Microsoft is facing capacity constraints, and OpenAI is driving a large portion of the backlog in its cloud computing business.

The company said its backlog in commercial bookings, a metric referred to as remaining performance obligations, ballooned 110% year over year to $625 billion when it reported earnings for the second quarter on Wednesday.

OpenAI accounts for roughly 45% of those commitments, Microsoft revealed. The company did not say how much OpenAI contributed during the previous quarter.

Some Wall Street analysts on the call expressed concerns about Microsoft’s dependency on OpenAI.

CEO Satya Nadella said acquiring more Azure clients is important to the tech giant, but it can’t come at the expense of neglecting its other services.

“If you think about it, acquiring an Azure customer is super important to us, but so is acquiring an M365 or a GitHub or a Dragon Copilot, which are all, by the way, incremental businesses and TAMs for us,” Nadella said during Microsoft’s second-quarter earnings call. “And so we don’t want to maximize just one business of ours.”

Shares of Microsoft fell more than 6% in after-market trading on Wednesday, even as the tech giant posted an overall earnings beat.

Morgan Stanley’s Keith Weiss said during the call that some on Wall Street may be spooked by slower growth in overall Azure revenue and the increase in capex spending.
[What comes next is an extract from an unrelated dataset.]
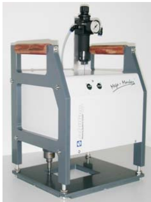
Portable Version (Optional) With handles and ground plate, incl. prism
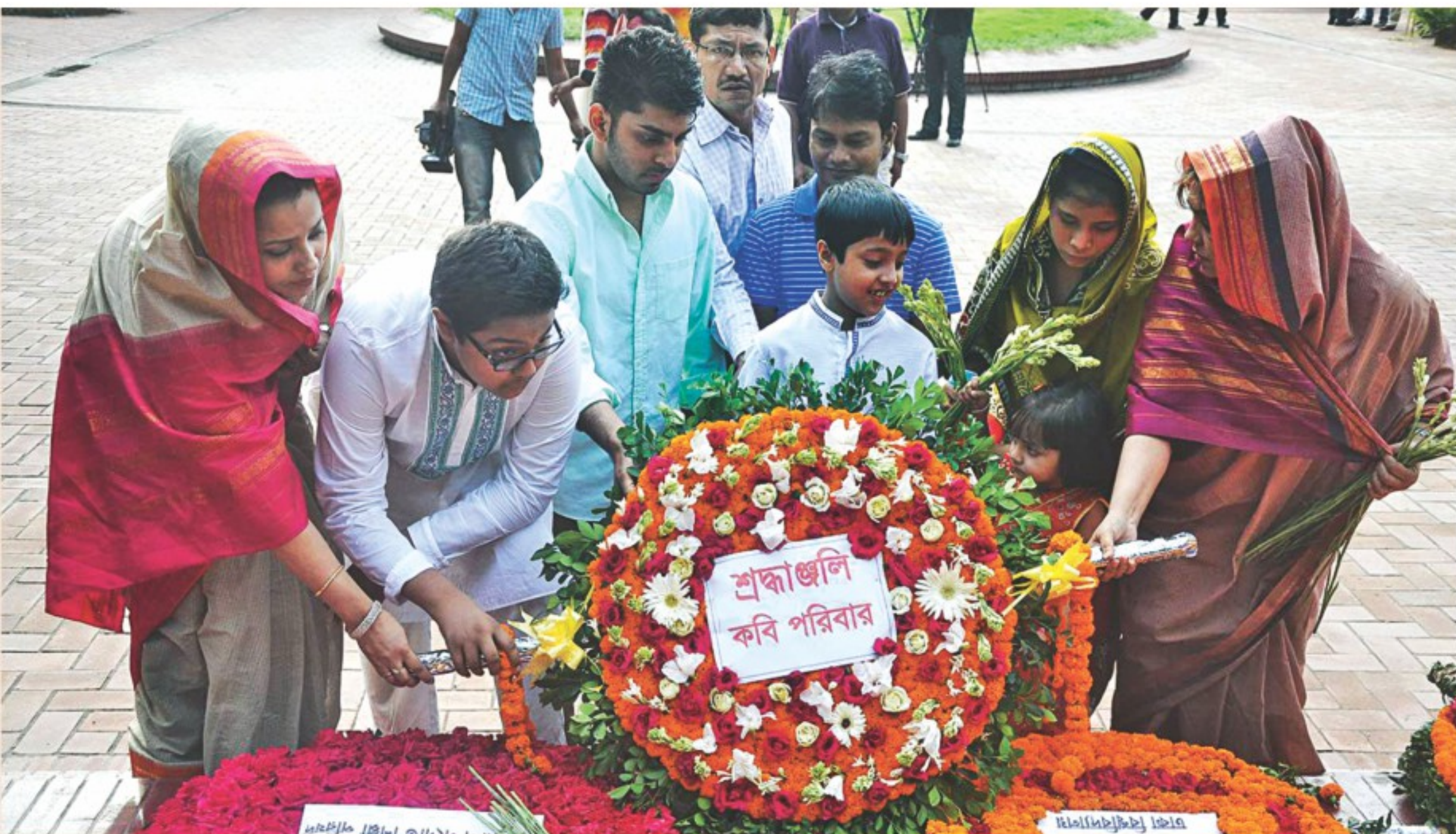
Family members of Poet Kazi Nazrul Islam lay a wreath at his grave on Dhaka University campus in the capital yesterday marking his birthday.

Microsoft’s capital expenditures rose 66% year over year to $37.5 billion in the second quarter, another record for the company and testament to the sheer amount of money tech companies are spending amid the AI race.

CFO Amy Hood said that Microsoft has to look at many different areas when it allocates the GPUs and CPUs that come online as a result of its capex spending, including investing in the growth of first-party apps like Microsoft Copilot, devoting GPUs to research and development, and the talent they’ve acquired.
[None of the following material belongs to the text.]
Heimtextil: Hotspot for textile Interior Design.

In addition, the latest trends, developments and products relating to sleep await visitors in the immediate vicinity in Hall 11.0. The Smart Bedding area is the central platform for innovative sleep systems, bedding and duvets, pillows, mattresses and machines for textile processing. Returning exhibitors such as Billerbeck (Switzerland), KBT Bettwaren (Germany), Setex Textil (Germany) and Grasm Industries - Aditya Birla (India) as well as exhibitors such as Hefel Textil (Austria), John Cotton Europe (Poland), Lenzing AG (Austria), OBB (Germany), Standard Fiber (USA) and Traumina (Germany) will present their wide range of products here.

“You end up with the remainder going towards serving the Azure capacity that continues to grow in terms of demand,” she said.

Microsoft is not alone in facing capacity issues.
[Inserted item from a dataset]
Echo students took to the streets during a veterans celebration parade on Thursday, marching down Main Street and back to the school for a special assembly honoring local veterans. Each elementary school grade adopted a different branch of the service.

Executives at OpenAI, which has pledged to spend $250 billion on Azure services, have repeatedly said the startup is held back by a lack of compute, forcing tough trade-offs between product and research.

Wednesday’s earnings mark the first quarter since OpenAI completed its restructuring, which included a new agreement with Microsoft, the startup’s largest investor. Microsoft owns 27% of the public benefit corporation.

“It’s a great partnership,” Hood said of Microsoft’s relationship with OpenAI. It’s allowed us to remain a leader in terms of what we’re building and being on the cutting edge of app innovation.”